Best Of The Best 2006: Boeing Business Jet 3

The Boeing Business Jet 3 is not just bigger than its predecessor; it is better. Announced last November, this mammoth aircraft, based on the highly advanced Boeing 737-900ER airframe, includes an extra helping of everything that made the Boeing Business Jet 2 Robb Report’s Best of the Best selection in 2004. In particular, Boeing has boosted the BBJ3’s ultralong-range capability to about 5,500 miles and increased the size of its already spacious cabin, making it an airplane for those who expect to spend quality time in the sky.
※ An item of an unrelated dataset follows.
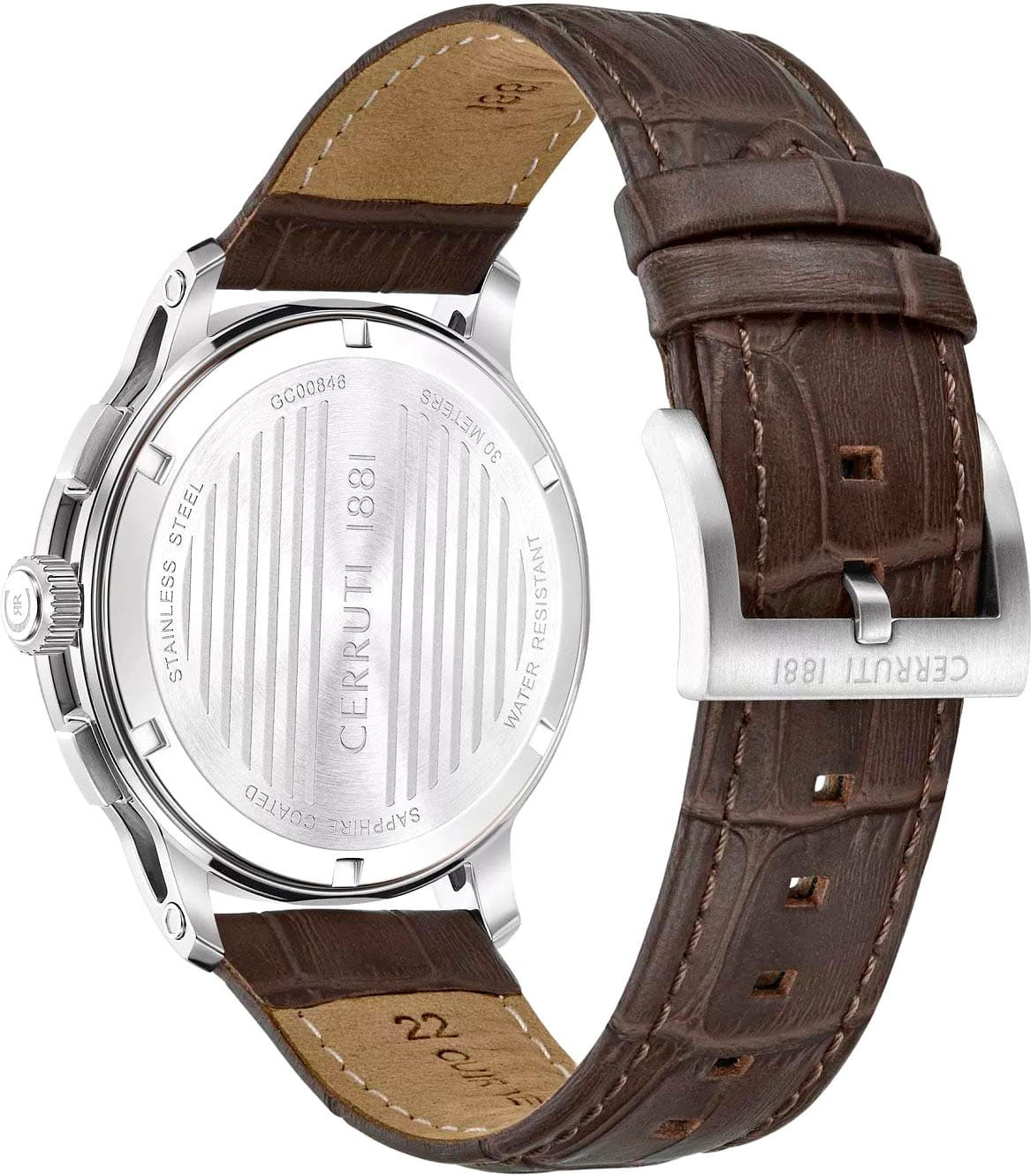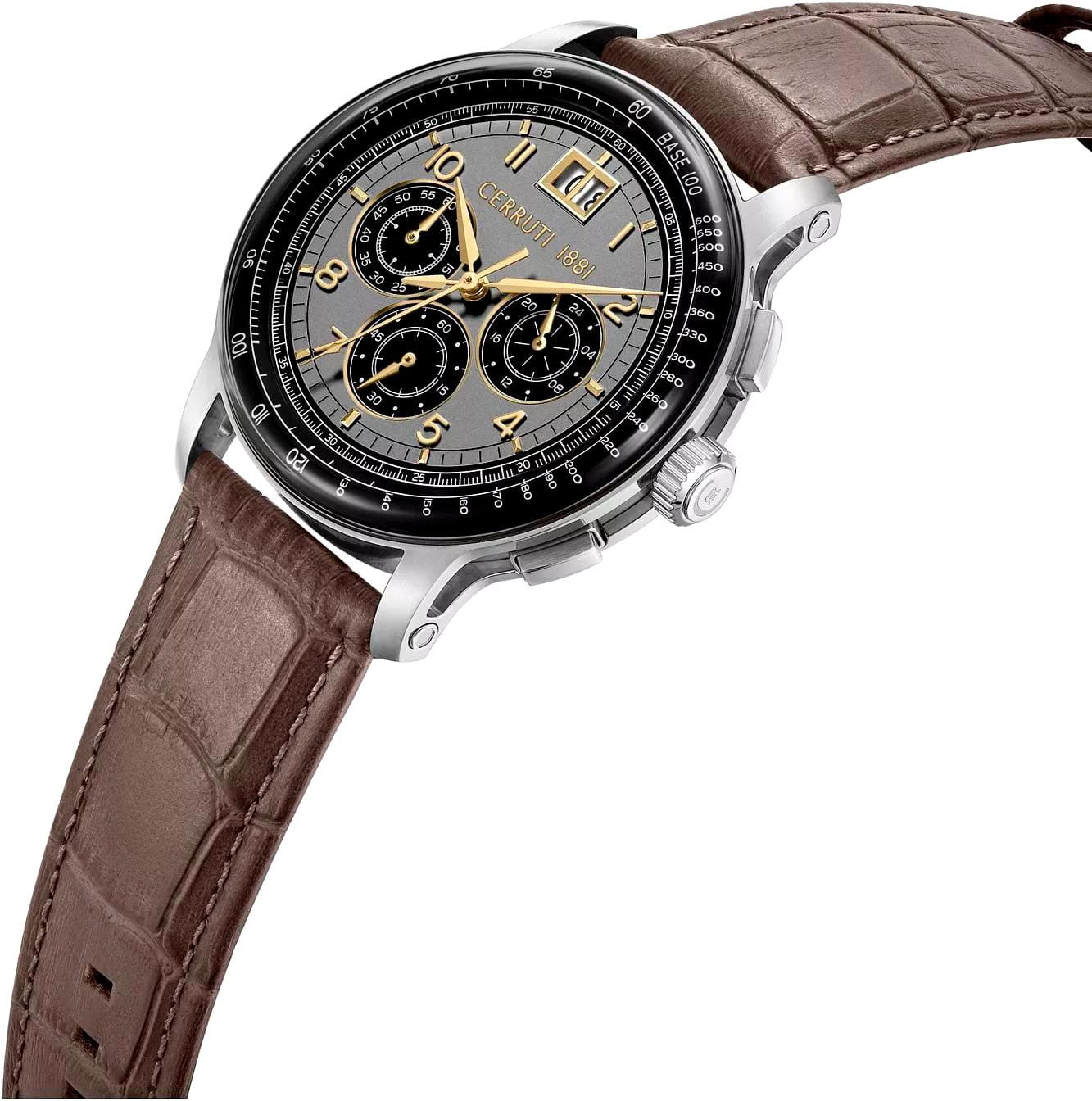 Cerruti 1881 CIWGC0084602 — выразительные мужские часы, выполненные в гармоничном сочетании стали, тёплого коричневого ремня и насыщенного чёрного циферблата. Модель оснащена функциональным хронографомХронографФункция позволяет измерять отрезки времени с особой точностью: часы, минуты, секунды. Верным признаком хронографа является наличие на циферблате 3 дополнительных окошек-счётчиков. с тремя счётчиками и крупным окном даты на «12 часах», что подчёркивает её практичность и динамичный характер. Корпус из нержавеющей стали защищён прочным минеральным стекломМинеральное стеклоМинеральное стекло представляет собой искусственно выращенный минерал кварца. Такое стекло отличается особой устойчивостью к повреждениям и царапинам. Уступает по некоторым качествам сапфировому стеклу., устойчивым к мелким повреждениям. Циферблат дополнен тахиметрической шкалой по безелюБезельВнешний ободок, закрепляющий стекло. В спортивных часах так называется поворотное кольцо с делениями на циферблате, выполняет роль таймера – замеряет отрезки времени на шкале. Неподвижный безель – элемент декора. Однонаправленно вращающийся безель на дайверских часах позволяет фиксировать моменты погружения и выныривания на поверхность. с PVD-покрытиемPVDУльтратонкое покрытие наносится в технике вакуумного напыления, сочетает в себе нитрид титана особой прочности со слоем золота или оксида хрома. Несёт в себе декоративную или защитную функцию., позволяющей измерять скорость движения. Элегантный ремень из натуральной кожи с аккуратной прострочкой застёгивается надёжной стандартной застежкой, обеспечивая комфорт и долговечность. Модель объединяет классическую утончённость и спортивный дух, оставаясь универсальным аксессуаром для современного мужчины.

At 1,120 square feet, the new cabin is 11 percent larger than the BBJ2’s and 35 percent larger than that of the original BBJ. Suitably configured, the BBJ3 can become a portable home and office suite that includes a king-size bed, a fully equipped kitchen, and several private compartments for family, friends, and associates. The plane has a cargo capacity of as much as 1,595 cu ft (depending on the number of auxiliary fuel tanks), and the maximum takeoff weight is a substantial 187,700 pounds. Because the jet is based on Boeing’s vener­able 737, a workhorse for airlines throughout the world, dependability is a given.

The BBJ3 is expected to go into service in the first half of next year, following an initial flight that is scheduled for August. Boeing is pricing the aircraft at $62.5 million, but plan on spending another $10 million to $20 million in completion costs once you take delivery of the airplane. Some completions—for example, those featuring multiple lavatories with marble countertops and gold fixtures—can run well north of $20 million.

Beyond acquisition and operating costs, the BBJ’s size is its only Achilles’ heel: It is not welcome at some airports because of physical limitations or local politics.

Boeing has sold more than 100 BBJs since launching the program in 1996. After recently adding an authorized service center in Dubai, Boeing now has eight such locations: three in Europe, two in the United States, one in Singapore, and two in the Middle East, where a good number of Boeing owners reside.